I've been pretty much out of the "other" tackle now for number of years, being interested only in flygear and trout fishing. As a good friend of mine says, you've gone over to the dark side, gone over to the sweet water. With getting the yak, its been a nice change actually, going back to the salt. Today, I made my first real purchase on the "other" side and I'm pretty chuffed. I also came clean to my significant other...she just rolled her eyes - the kids happened to lock the front door grill while I was out so I had to ring the bell and be let in.

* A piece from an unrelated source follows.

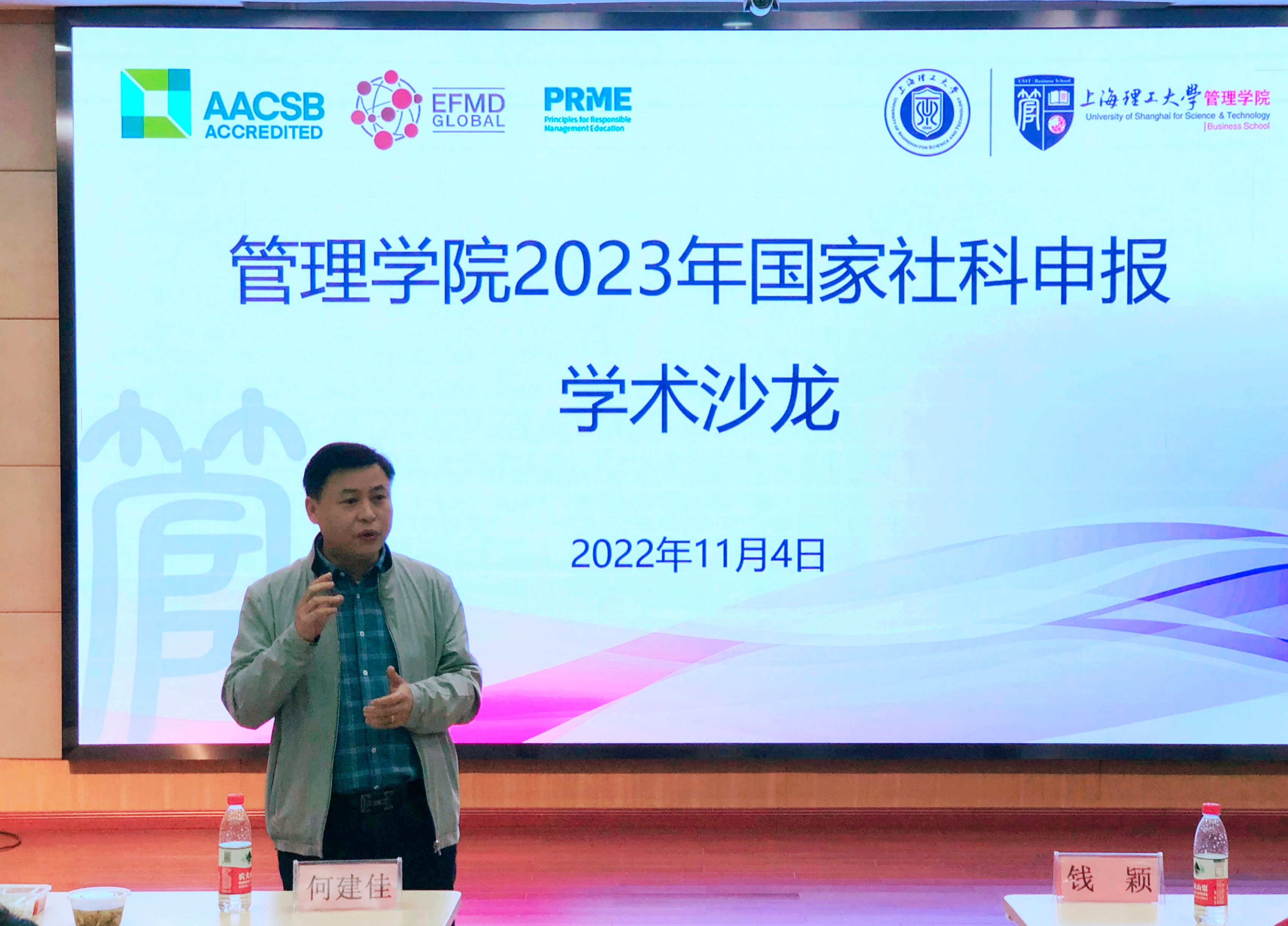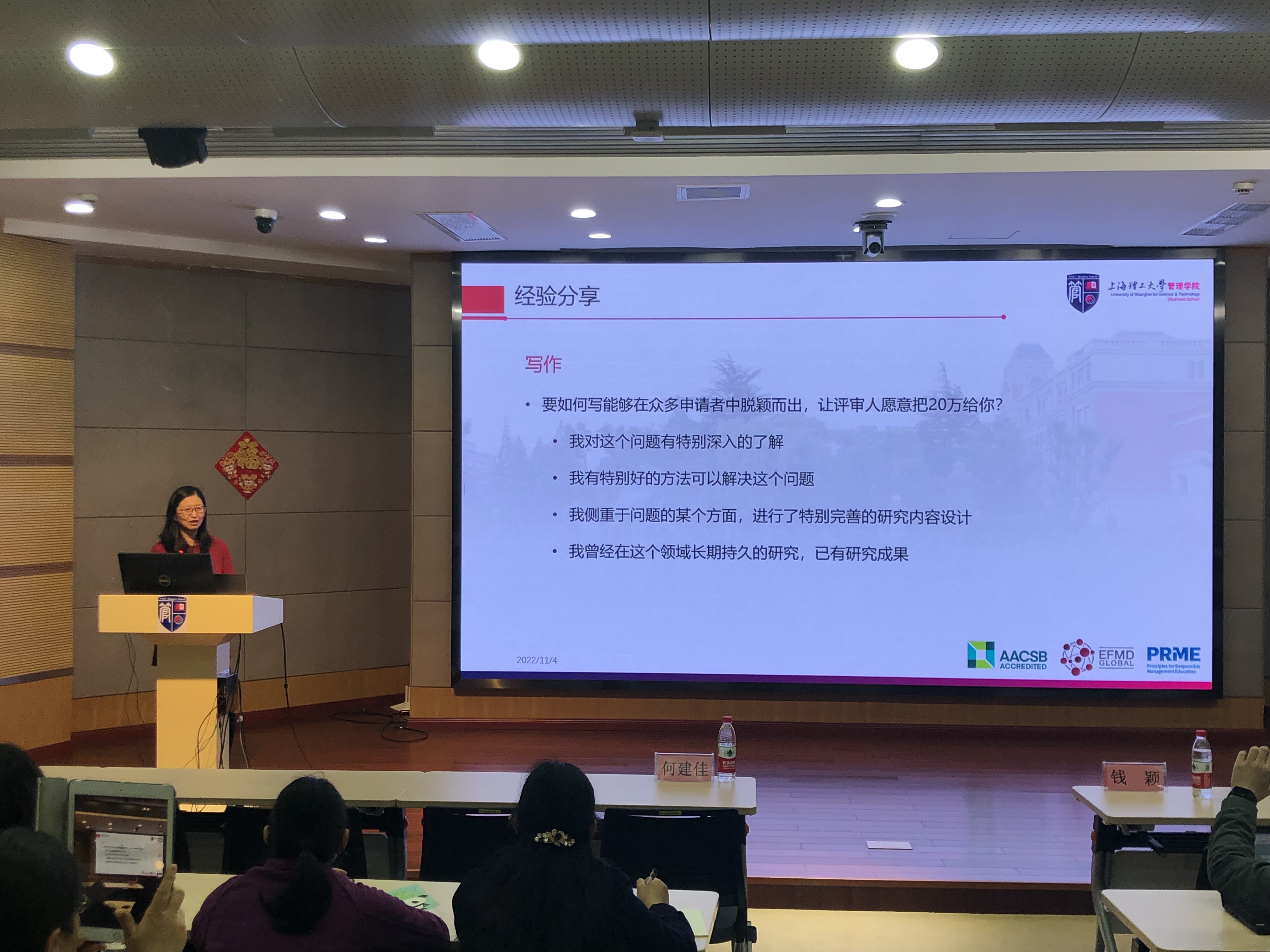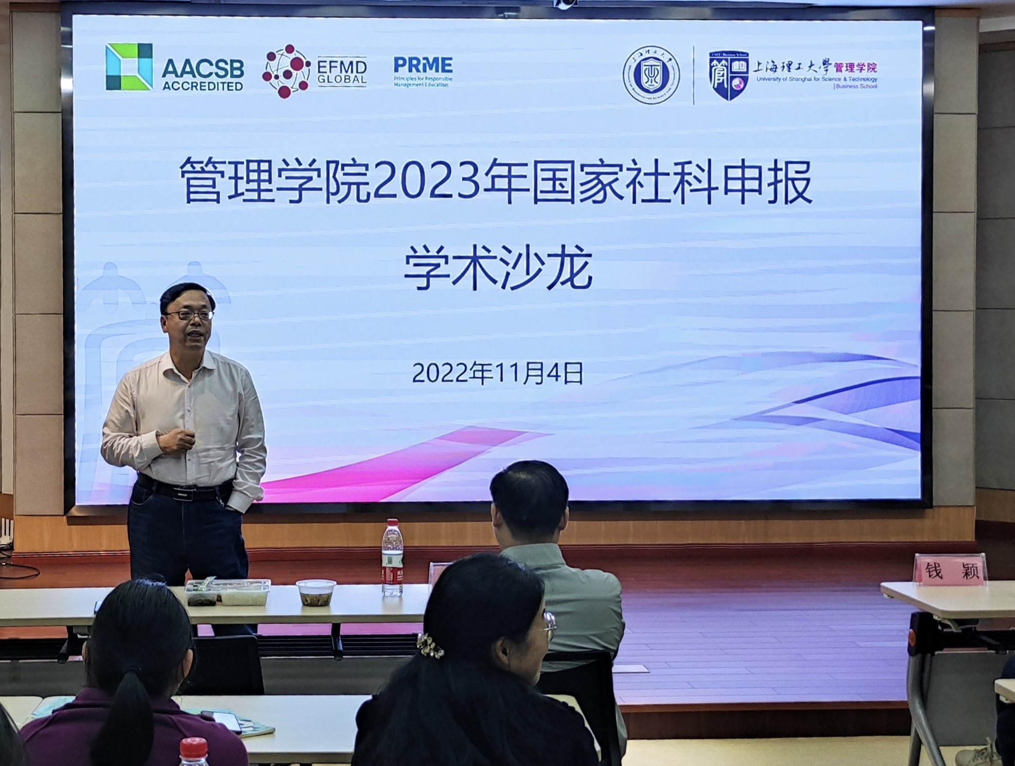 In order to stir the enthusiasm of teachers to apply for funds, stimulate the vitality of scientific research, and expand research ideas, on November 4, the Business school held the 2023 National Social Science Application Academic Salon, the 36th event of a series of activities of the Hujiang Economics and Management Forum, in the report hall of the Second Conference Room on the fourth floor. Professor Qian Ying and Associate Professor Zhao Xin were invited to give a report and share their personal experience in funding application. The meeting was presided over by Vice Dean He Jianjia, and Dean Zhao Laijun and more than 30 staff participated.

Here it is - diawa heartland rod and tica 3000 reel. I was particularly impressed with the finish and action of the heartland.....ummm...bullen merri...cant wait


----------



## Peril (Sep 5, 2005)

Philip,

I bought a 6' 1-3kg heartland recently. Matched it with a Stradic 1000. Simon's son caught the first legal fish on the outfit last week. It casts really well and has a nice feel. Hoping to load it up tomorrow


----------



## WayneD (Jul 11, 2006)

I have had a Heartland for about 3-4 years now and love it dearly. I have caught everything on it from little whiting to 2 ft shark and a nice size trevally in Mackay. It goes everywhere with me. I have my IM6 2-6lb teamed up with an Okuma Longbow 30 (actually a baitrunner) and 4lb Fireline. Great for the SP's and HB's even a little 10g raider.


----------



## PhilipL (Apr 15, 2006)

Cheers guys. I can't wait to to give it a go. Dave, hope you landed one today.


----------



## hoit (Aug 29, 2005)

Nice looking combo Philip. I just counted up the number of rods I now have. I can't say because Mrs Hoit has been known to read my posts :wink:

Regards
Grant


----------



## PhilipL (Apr 15, 2006)

Yes, she sound like she may have a good head flick and roll too.


----------



## troppo (Feb 1, 2006)

hoit said:


> Nice looking combo Philip. I just counted up the number of rods I now have. I can't say because Mrs Hoit has been known to read my posts :wink:
> 
> Regards
> Grant


hahaha :lol:


----------



## Les Lammers (Nov 9, 2005)

hoit said:


> Nice looking combo Philip. I just counted up the number of rods I now have. I can't say because Mrs Hoit has been known to read my posts :wink:
> 
> Regards
> Grant


Just go in the closet and count the pairs of shoes and handbags she has.
Usually works pretty good. :wink:


----------



## hoit (Aug 29, 2005)

Hi Les, despite Mrs Hoit claiming I had more rods she in fact has twice as many pairs of shoes. 

Regards
Grant


----------



## PhilipL (Apr 15, 2006)

Bloody hell - that comeback has been has been right there under my nose all these years....thanks guys


----------